The Playa Damas shipwreck already had been declared a National Heritage site by the Panamanian government before Panama signed a UNESCO convention protecting historic shipwrecks. Panama passed legislation in August 2003, based on the UNESCO convention, declaring shipwrecks National Heritage sites. Fitzgerald believes that the site is well protected, in part because the people of Nombre de Dios, near the bay where the wreck was found, support the perservation of the site as well establishment of a local museum where its artifacts could be displayed. Local police officers patrol the area around the site, which by all accounts has not been vandalized..
Recovery of artifacts from the wreck by IMDI in 2001 was documented by a video now shown on The Archaeology Channel website at http://www.archaeologychannel.org. However, Fitzgerald says that Panama never gave IMDI a written permit to excavate or salvage the site, but instead granted verbal permission to salvage individual artifacts that were thought to be threatened by theft. An apparent misunderstanding regarding the granted pemission threatened a confrontation between IMDI and INAC, the Panamanian government agency responsible for heritage sites in Panama
INA archaeologist Dr. Castro, in an interview with Dr. Pettigrew, explained that INA is interested in this shipwreck because it looks like an early 16th century Spanish shipwreck and “we nautical archaeologists know very little about early 16th century Spanish shipbuilding and find it immensely interesting as a scientific subject.” Castro went on to explain that “ships are very important artifacts of the Age of Discovery. Most of them have been ripped apart by treasure hunters in search of valuable artifacts to be sold at auction.
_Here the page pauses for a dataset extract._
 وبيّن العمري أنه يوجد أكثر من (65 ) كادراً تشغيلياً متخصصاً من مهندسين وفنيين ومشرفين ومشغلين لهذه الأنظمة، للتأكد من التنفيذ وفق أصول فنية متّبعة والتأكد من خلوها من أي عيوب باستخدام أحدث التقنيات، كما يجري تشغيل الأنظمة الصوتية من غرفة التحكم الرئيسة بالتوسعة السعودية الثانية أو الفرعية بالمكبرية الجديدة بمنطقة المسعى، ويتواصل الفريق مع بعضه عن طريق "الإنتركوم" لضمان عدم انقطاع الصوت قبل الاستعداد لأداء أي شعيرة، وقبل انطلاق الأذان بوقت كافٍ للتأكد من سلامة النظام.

This is a great opportunity to analyze the state of this complex technology that is so poorly understood, the technology used to build Columbus ships, as well as Vasco da Dama, Magellan, etc.” Castro said that he would like to make a “full, scientific, pristine, state of the art excavation of this shipwreck, treat all the artifacts, not just the ones with market value, train my students together with a team of South American students, and publish it in a manner that allows the world, including the scholarly world and the general public, to enjoy our discoveries.” INA previously has excavated numerous historic shipwrecks in the Caribbean, the Mediterranean and elsewhere in the world.
Fitzgerald considers this important site a test case for the new cultural preservation laws in Panama. In his view, the proposed collaborative agreement for research on the Playa Damas wreck will help establish a new approach toward underwater heritage sites in Panama that will benefit the people of Panama and the world rather than a few individuals seeking to profit from discoveries.